朔风卷着残雪撞上烽燧土墙,发出“呜呜”的低鸣,像是什么东西在哭。雨气漫过阴山豁口,士卒的铁甲蒙上一层淡淡的霜白。伙夫一边嘟囔着抱怨,一边从柴垛里抽出潮湿的荆条,手上被木刺扎了一下,骂骂咧咧地甩了甩。

炊烟挣扎着穿透雨幕,在箭楼飞檐处化作游丝,很快被风撕碎。

须臾,雨势骤急,万千银箭在翘檐炸裂,水光倒影间,整座府邸似乎都化作了振翅欲飞的金鹏。

漫天水雾间,一人一马如一支划破天际的利箭,顷刻间疾驰至府邸前,打碎了那金鹏振翅欲飞的傲慢。

魏琅翻身下马,她行得极快,雨水顺着蓑衣的边缘滴落,砸在她身后的青石砖上,竟追不上她的脚步。

待真正站在门前,魏琅方深深吸了口气,缓缓抬手叩门。

铜环相击,声音在雨幕中显得沉闷而短促。

府邸深处,翘檐下摆着一张黑白棋局,就着廊外连绵细雨,一黑一白正在对弈。

廊下的光线被雨幕滤得柔软,将两个人的轮廓都染上一层薄薄的黯色。

棋子落在棋盘上,发出清脆的“嗒”声,被雨声衬得格外分明。

童子领了“不速之客”过来,见状自然不敢惊扰,只敛声屏气地垂手等在廊外。

魏琅自然也只有毕恭毕敬地站在雨水中,脊背挺得笔直,目光规矩地只落在自己脚尖前三寸。
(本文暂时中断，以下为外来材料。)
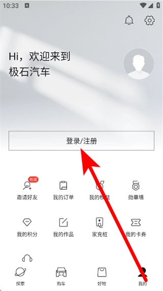 1、打开极石汽车,点击底部我的,进入我的页面。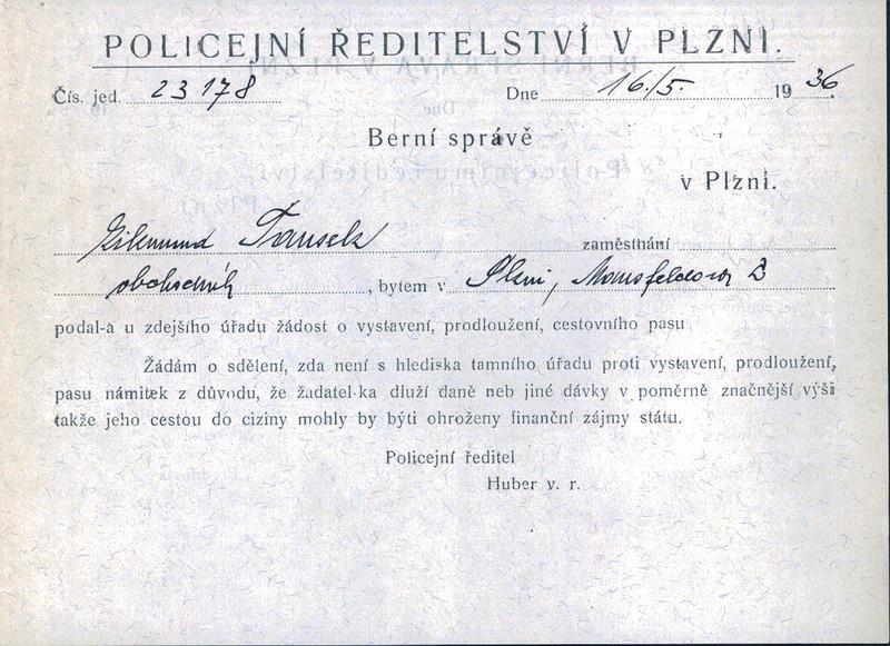 Staatliche Gebietsarchiv in Pilsen > Polizei-Direktion Pilsen > 1918-1951 > T > Tausek Zikmund

廊下的空气里弥漫着一股清苦的茶香,混着怀朔的冷气,透过蓑衣一层一层地往里渗。

约莫半盏茶后,廊下执白子者轻轻吁了口气,像是放弃了什么般,将棋子轻轻放回棋篓,摆了摆手,示意童子上前说话。

棋子回篓的那一声轻响,像是倏尔打开了某个凝结时空的封印。

“不速之客”魏琅这才敢上前一步,掀开下摆,跪在雨水中,沉声禀道:“末将魏然戈,敬拜河西节度使、凉州大都督、武威郡公、安西都护府大都护……”

魏琅一边“报菜名”,一边在心中默默吐槽:被女帝废黜李姓、贬出长安后,自己在北边苟了好几年,四处撩架,将不愿意臣服的势力打了个遍,孤身深入北面军后院乃至于漠北王廷皆如探囊取物、轻而易举……但偏偏,因缘际会,几年间竟一次都没有来到过河西军治所、拜访此处的主人。

河西的最高统治者、军政一把手是一对夫妻,不,更确切地说,应该是一个女人。

河西军节度使、凉州大都督谢云谢蕴之。

——出身名门,陈郡谢氏之后,女帝未登基时的心腹元从,深受女帝信赖,持节总览河西凉州、甘州、肃州、沙州四镇军政要事。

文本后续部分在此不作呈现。